UserID -> token is a tiny amount of data.
And now I need to invalidate the cache if the key is invalidated. Also this cache cannot be updated/invalidated atomically, like I can if I'm just storing a refresh key in the SQL db. Caching in Redis is more complex and more prone to error than access/refresh token systems.
Dude, you can't have it both ways, pick one. You didn't want load on the DB, so you need to cache things somehow. Dealing with cache invalidation is a natural consequence.
Ok then, keep the DB, provision a distributed array of read replicas, make them use synchronous replication to maintain your atomicity, force them all of them to keep the session table in memory. Now your cache is managed by the DB and meets all your requirements.

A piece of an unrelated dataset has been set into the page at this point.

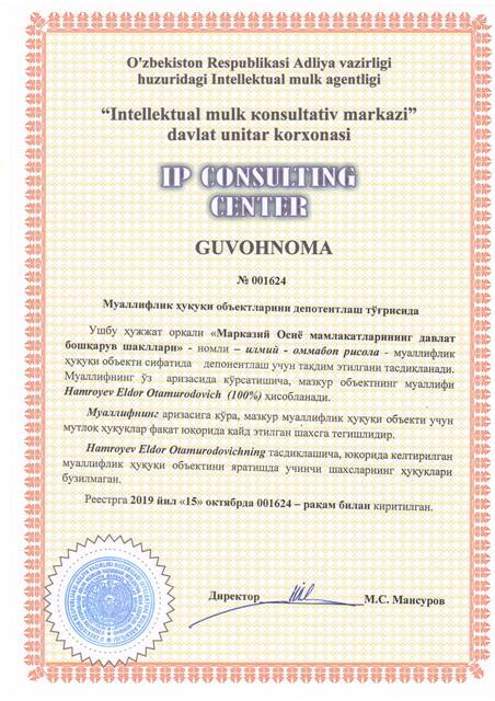 | 8564 | №001624 | Илмий - оммабоп рисола - "Марказий Осиё мамлакатларининг давлат бошқарув шакллари" | Hamroyev Eldor Otamurodovich (100%) | Hamroyev Eldor Otamurodovich | 10/15/2019 | ![]() |

I can have it both ways, that is the entire point of the refresh/access token system. The access tokens are used for 99% of requests (every request except "refresh" requests) and I am not persisting them anywhere – there is no cache/db read. It is a quick, CPU-bound check to decrypt the token, no i/o required.
Your newly proposed solution sounds much more complicated than the above.